• **Source records**:
########################################

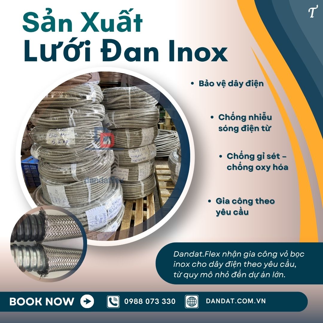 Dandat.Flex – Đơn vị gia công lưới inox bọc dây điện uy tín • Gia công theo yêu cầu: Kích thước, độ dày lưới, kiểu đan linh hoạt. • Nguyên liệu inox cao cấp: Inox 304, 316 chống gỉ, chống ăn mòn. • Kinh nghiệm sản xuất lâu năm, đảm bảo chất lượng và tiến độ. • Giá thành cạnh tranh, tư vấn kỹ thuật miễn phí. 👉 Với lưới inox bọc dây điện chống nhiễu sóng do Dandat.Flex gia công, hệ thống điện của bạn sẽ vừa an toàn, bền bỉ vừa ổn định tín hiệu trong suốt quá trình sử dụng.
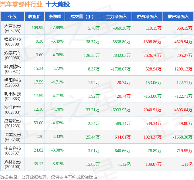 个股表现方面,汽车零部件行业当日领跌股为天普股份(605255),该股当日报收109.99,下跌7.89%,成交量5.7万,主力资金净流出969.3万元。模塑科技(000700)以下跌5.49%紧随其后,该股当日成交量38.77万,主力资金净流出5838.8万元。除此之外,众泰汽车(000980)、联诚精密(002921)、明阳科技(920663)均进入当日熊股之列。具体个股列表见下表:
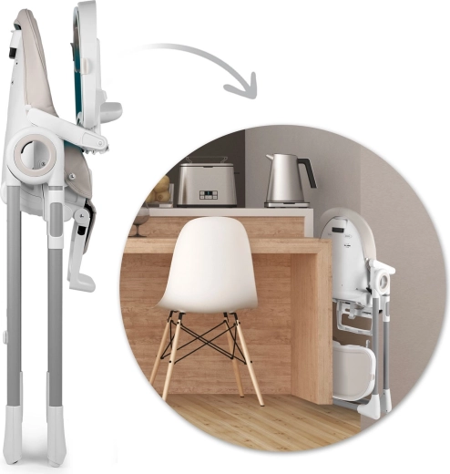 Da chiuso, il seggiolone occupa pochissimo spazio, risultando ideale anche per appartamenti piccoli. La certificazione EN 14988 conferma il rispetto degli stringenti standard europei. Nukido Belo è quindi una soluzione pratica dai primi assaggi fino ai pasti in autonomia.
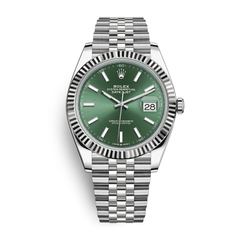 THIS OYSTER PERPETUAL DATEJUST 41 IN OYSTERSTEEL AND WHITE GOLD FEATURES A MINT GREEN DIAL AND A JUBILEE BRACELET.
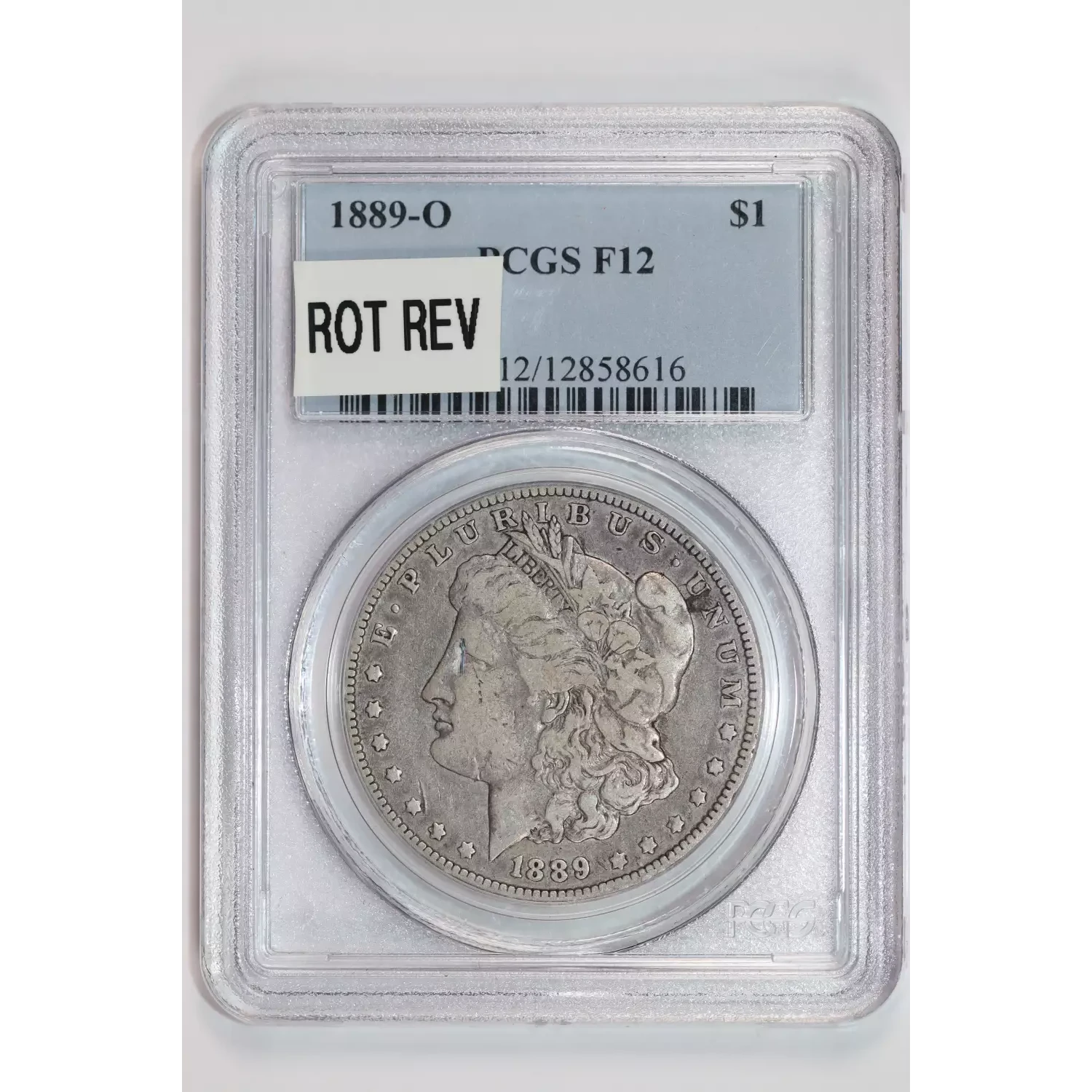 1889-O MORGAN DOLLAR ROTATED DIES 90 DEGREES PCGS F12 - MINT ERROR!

########################################

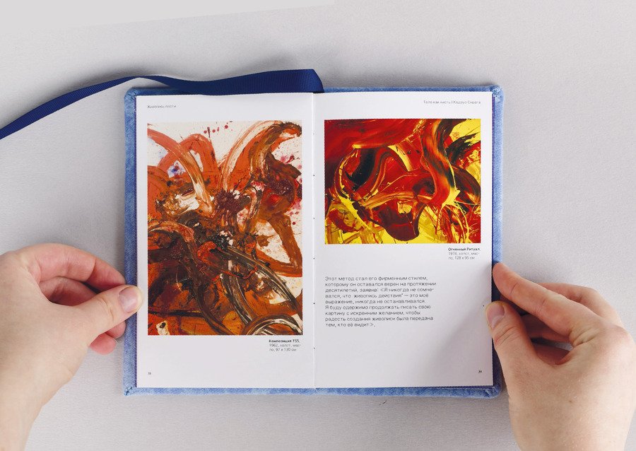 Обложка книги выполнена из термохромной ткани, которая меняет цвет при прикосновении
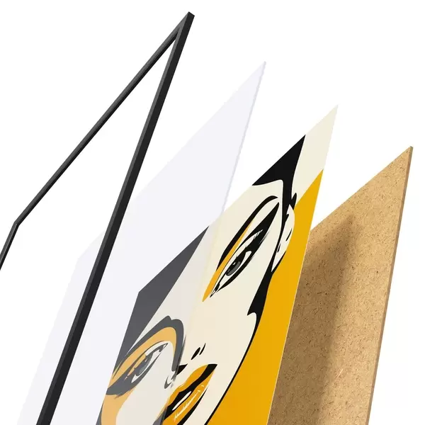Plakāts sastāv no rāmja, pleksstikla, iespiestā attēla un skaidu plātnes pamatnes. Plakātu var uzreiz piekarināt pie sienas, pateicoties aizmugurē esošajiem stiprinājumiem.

########################################

• **About this exercise**:
For the entries above, print exactly the lines between the one with "Dandat.Flex – Đơn" and the one with "Da chiuso, il", inclusive, with no pictures.

• **Output below**:
 Dandat.Flex – Đơn vị gia công lưới inox bọc dây điện uy tín • Gia công theo yêu cầu: Kích thước, độ dày lưới, kiểu đan linh hoạt. • Nguyên liệu inox cao cấp: Inox 304, 316 chống gỉ, chống ăn mòn. • Kinh nghiệm sản xuất lâu năm, đảm bảo chất lượng và tiến độ. • Giá thành cạnh tranh, tư vấn kỹ thuật miễn phí. 👉 Với lưới inox bọc dây điện chống nhiễu sóng do Dandat.Flex gia công, hệ thống điện của bạn sẽ vừa an toàn, bền bỉ vừa ổn định tín hiệu trong suốt quá trình sử dụng.
 个股表现方面,汽车零部件行业当日领跌股为天普股份(605255),该股当日报收109.99,下跌7.89%,成交量5.7万,主力资金净流出969.3万元。模塑科技(000700)以下跌5.49%紧随其后,该股当日成交量38.77万,主力资金净流出5838.8万元。除此之外,众泰汽车(000980)、联诚精密(002921)、明阳科技(920663)均进入当日熊股之列。具体个股列表见下表:
 Da chiuso, il seggiolone occupa pochissimo spazio, risultando ideale anche per appartamenti piccoli. La certificazione EN 14988 conferma il rispetto degli stringenti standard europei. Nukido Belo è quindi una soluzione pratica dai primi assaggi fino ai pasti in autonomia.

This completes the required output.